Она опять заболела. В Риме с еще большею силою возобновилась изнурительная лихорадка. На глазах его она ослабевала и таяла. Он думал о конце, но не верил в него: смерть Виттории казалась ему невозможной. По мере того, как приближалась вечная разлука, улыбка ее становилась все прекраснее и прекраснее.
«Она обещает мне так много, — писал он в своем дневнике, — что когда я смотрю на нее, мне кажется, я делаюсь прежним, молодым, хотя я очень стар, и уже поздно. Смерть между нами, и я могу любить ее прежнею любовью только в те краткие мгновения, когда забываю о смерти. Но мысль моя все чаще возвращается к ней, и жар любви остывает от смертельного холода — dal mortale ghiaccio ? spento il dolce ardore».
Предчувствие Микеланджело исполнилось. В начале 1547 года Виттория умерла. Он не плакал, ни с кем не говорил и был похож на сумасшедшего. Лицо его выражало недоумение, усилие и невозможность понять то, что случилось.
Но он не умер и не сошел с ума, только внутри все в нем еще более окаменело.
Через десять лет после смерти Виттории Микеланджело рассказывал однажды события своей долгой и печальной жизни молодому художнику, одному из немногих своих учеников, Асканио Кондиви, который записывал их, чтобы передать потомству. Речь зашла о маркизе Пескарской. Микеланджело говорил о ней мало, но спокойно. Вдруг изменившимся тихим голосом он произнес:
— Асканио, я скажу тебе то, чего никому не говорил. Когда она лежала в гробу, и я пришел проститься, я поцеловал ее руку и не осмелился поцеловать в лоб. Вот уже десять лет, как это мучает меня, сын мой…
И, забыв о присутствии ученика, он долго сидел неподвижно, в забытьи. Медленные слезы струились из глаз его по старым щекам с глубокими, безобразными морщинами.
XVII
Папа Юлий II перед смертью завещал Микеланджело окончить гробницу и оставил для этого деньги душеприказчикам своим, кардиналам Санти-Кварто и Аджиненси. С особенною любовью возобновил Буонарроти работу своей молодости. Но преемник Юлия, Лев X, заставил бросить начатое дело, чтобы ехать во Флоренцию, где вздумалось папе украсить мрамором фасад церкви своего прихода — Сан-Лоренцо. Микеланджело умолял, чтобы его оставили в покое, напоминая условия, сделанные с душеприказчиками Юлия, но Лев не слушал и говорил:
— Предоставь мне окончить это дело: я берусь удовлетворить всех.

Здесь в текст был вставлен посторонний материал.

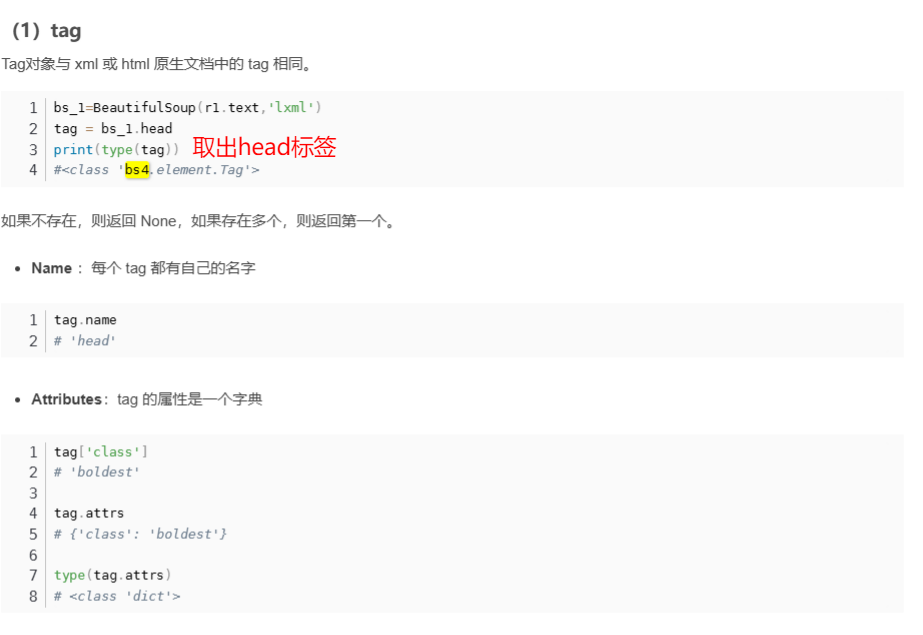 1. Tag对象:代表 HTML或XML文档中的标签,每个Tag对象可以由多个属性组成;

И, послав за обоими кардиналами, велел им освободить Микеланджело от исполнения условий. Со слезами на глазах покинул художник злополучную гробницу и отправился во Флоренцию исполнять прихоть нового господина.
По смерти Льва, враги Микеланджело распространили слух, что Буонарроти от папы Юлия за гробницу получил вперед шестнадцать тысяч скуди и, ничего не сделав, положил их в карман. Началась нескончаемая тяжба, которая с каждым годом запутывалась, не давала ему ни минуты покоя и, наконец, так опротивела, что он начал раскаиваться, что не перенес клеветы молча.

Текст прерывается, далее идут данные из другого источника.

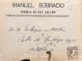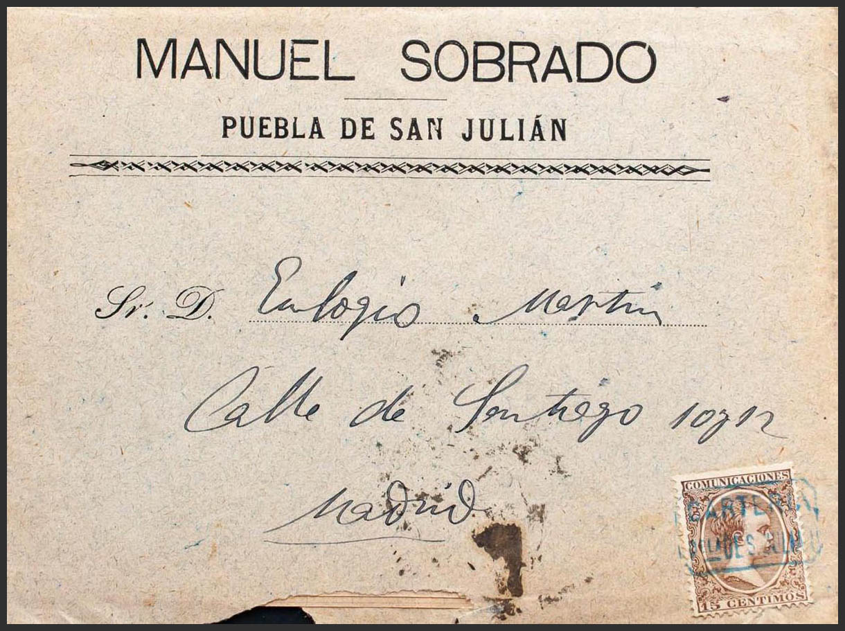 219. 1898. 15 cts castaño violeta. PUEBLA DE SAN JULIAN (LUGO) a MADRID (rasgada por apertura en la parte inferior). Matasello CARTERIA / PBLA DE S.JULIAN, en azul. BONITA Y RARA.

«В меня ежедневно бросают каменьями, как будто я распинал Христа, — писал он в 1542 году Синигальскому епископу, прося у него защиты, — этот гроб Юлия скоро сделается моим собственным гробом. Излишняя верность, которую не хотели оценить, погубила меня. Так угодно моей судьбе… Меня называют вором и ростовщиком, многие утверждают, что я отдал в рост деньги папы Юлия и обогатился ими. Если ваша милость найдет возможность сказать слово в мою защиту — скажите его, потому что я пишу вам правду. Не только перед Богом, но и перед людьми я считаю себя честным человеком, потому что никогда не обманывал и потому также, что, защищая себя от негодяев, иногда, как видите, мне можно „с ума сойти“».
И несколько раз он повторял в письме с отчаянием: «Я пишу правду. Я был бы рад, если бы папа и весь свет прочли это письмо. Я не вор, не ростовщик, не разбойник, но флорентинский гражданин, благородный сын честного человека».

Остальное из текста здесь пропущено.